Fancy vacations, tickets to high-profile sporting events etc. are some of the perks insurance companies shower on their agents selling these hugely profitable products. But these are the petty things.
The real money is made in commissions and the investment expenses they cleave out of your savings by the truckload at every chance they get.
Because this thing that is supposed to be an absolute grand slam for your wallet is actually a windfall for the broker and the insurance company selling it to you.
And that promise of you reaping the benefits of the stock market when it is up is never entirely true. Because what the insurers do in the contract you sign is that you get the upside of the market, but that upside is capped at a much lower number. That is disclosed deep down in their brochure in mice-type legalese that even a Harvard-trained lawyer cannot decipher.
I get these marketing materials clients send me when they are pitched these products, and they all look great on paper. But I know that is mostly fluff and the real truth only comes out once you buy them.
So yes, you get the upside but a much smaller upside.

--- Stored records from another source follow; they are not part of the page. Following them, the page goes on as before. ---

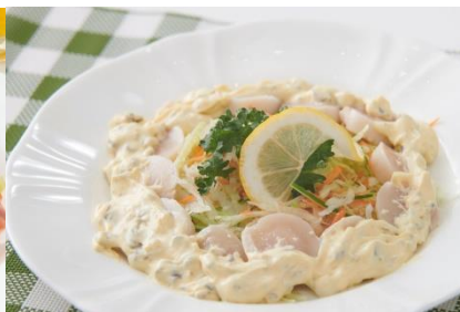
ほたてのサラダ仕立て (いんげんとピクルスのマヨ仕立て使用)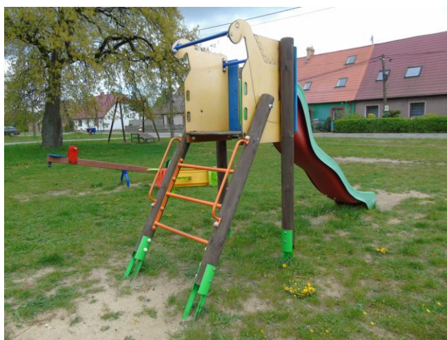
fot. nr 8.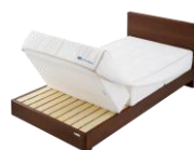
④ブロックをゆっくり倒します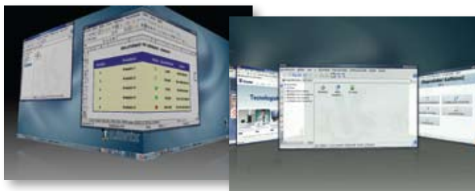
INTERFACE SOFISTICADA E AGRADÁVEL.

(* ) O bom funcionamento do aplicativo depende da placa de vídeo do computador.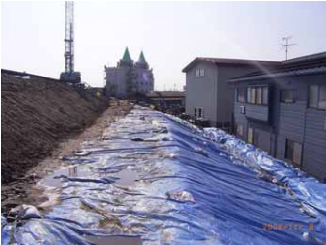
写真4 堤内地側での堤防の応急復旧状況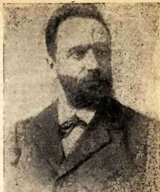
М. И. Чигорин (1850—1908).

выдвинувшая впоследствии нескольких мастеров. Правда, шахматная жизнь не выходила из рамок привилегированных слоев общества и интеллигенции, однако в условиях того времени нельзя было и помышлять о большем. Чигорин всеми силами боролся за пропаганду шахматного искусства. Ведь именно он впервые на страницах «Шахматного вестника» поднял вопрос о необходимости объединения русских шахматистов. «Организация и деятельность — вот пароль и лозунг за будущее процветание шахмат!», — писал Чигорин. Чигорину не удалось довести до конца начатое им дело борьбы за организацию шахматистов. С первых же шагов ему пришлось столкнуться с административным произволом, а затем с инертностью тех кругов общества, на которые он возлагал свои надежды. Клубы обычно являлись от поддержки отдельных меценатов, и естественно, что от настроения и прихоти последних зависела организация

And if you have been a stock market investor, you know that besides the gains in the value of your investments, dividends and reinvestment of dividends is where the real magic happens.
But with these products, you do not get the dividends. Who gets those dividends? You guessed it.
The second part of the promise is that you won’t lose money if the market declines. You won’t lose money only if you use the product exactly as written and stay in it for a decade.
If you need YOUR money before then, you lose the downside protection.
And then to add salt to that horrific wound, if you find out that you made a mistake and want out, you get hit with massive, gigantic, extreme penalties known as surrender charges. It is like Hotel California that you can check out of, but your money cannot leave.
The other main kind that is sold is a variable annuity and with these, the insurance company invests your money in a portfolio of investments just like you’d do in your 401(k).
Again, same sets of problems. Lots of fees and commissions up to a point where you would be better off investing your savings in Treasury bills.
So, the right kind of annuities are conditionally all right, but the wrong ones will rob you blind. Don’t do them.